17. Deze gang van zaken acht de voorzieningenrechter in strijd met het eigen reactionaire handhavingsbeleid dat verweerder in geval van illegale reclame voert en met het uitgangspunt dat een bestuursorgaan zorg heeft te dragen voor een consistente beleidstoepassing. Daartoe heeft te gelden dat het beleid van verweerder, dat alleen wordt opgetreden naar aanleiding van klachten of meldingen, niet anders kan worden uitgelegd dan dat het moet gaan om klachten en meldingen afkomstig van (belanghebbende) derden. Het standpunt van verweerder, ingenomen ter zitting, dat het niet uitmaakt van wie de klacht of melding afkomstig is, ook wanneer dat een medewerker van verweerder is, kan niet worden aanvaard. Immers, op deze wijze heeft verweerder het alsnog zelf in de hand of en wanneer hij wel en wanneer hij niet tot handhavend optreden overgaat, terwijl hij dat optreden beleidsmatig lage prioriteit heeft gegeven en afhankelijk heeft gemaakt van de belangen van derden.
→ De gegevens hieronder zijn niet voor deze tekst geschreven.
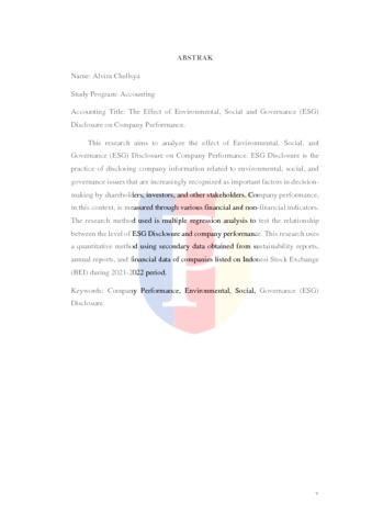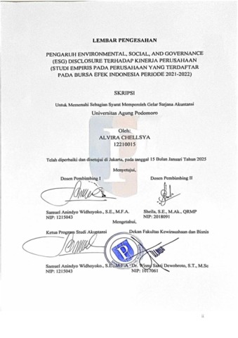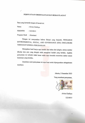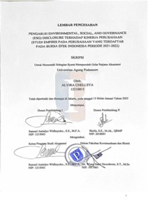Chellsya, Alvira (2025) Pengaruh Environmental, Social, and Governance (ESG) Disclosure Terhadap Kinerja Perusahaan (Studi Empiris pada Perusahaan yang Terdaftar pada Bursa Efek Indonesia Tahun 2021-2022). bachelor thesis, Podomoro University.
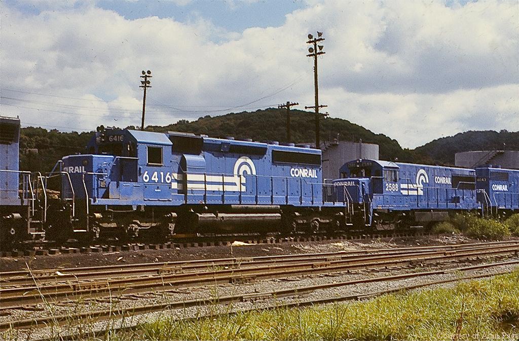 One year old CR SD-40-2 6416, U25B 2588 (ex-EL 2519), and GP38-2 8043 follow SD-45 6135 at Pitcairn, PA in August, 1978.

Een andere opvatting zou ertoe leiden dat toepassing van dit beleid in concrete gevallen ten minste de schijn van willekeur met zich kan brengen.
18. Uit het vorenstaande volgt dat het bestreden besluit in beroep naar verwachting niet in stand zal blijven en dat ook het primaire besluit niet zal kunnen worden gehandhaafd. De voorzieningenrechter wijst het verzoek dan ook toe en treft de voorlopige voorziening dat het bestreden besluit wordt geschorst tot zes weken nadat uitspraak is gedaan op het beroep met zaaknummer UTR 15/576.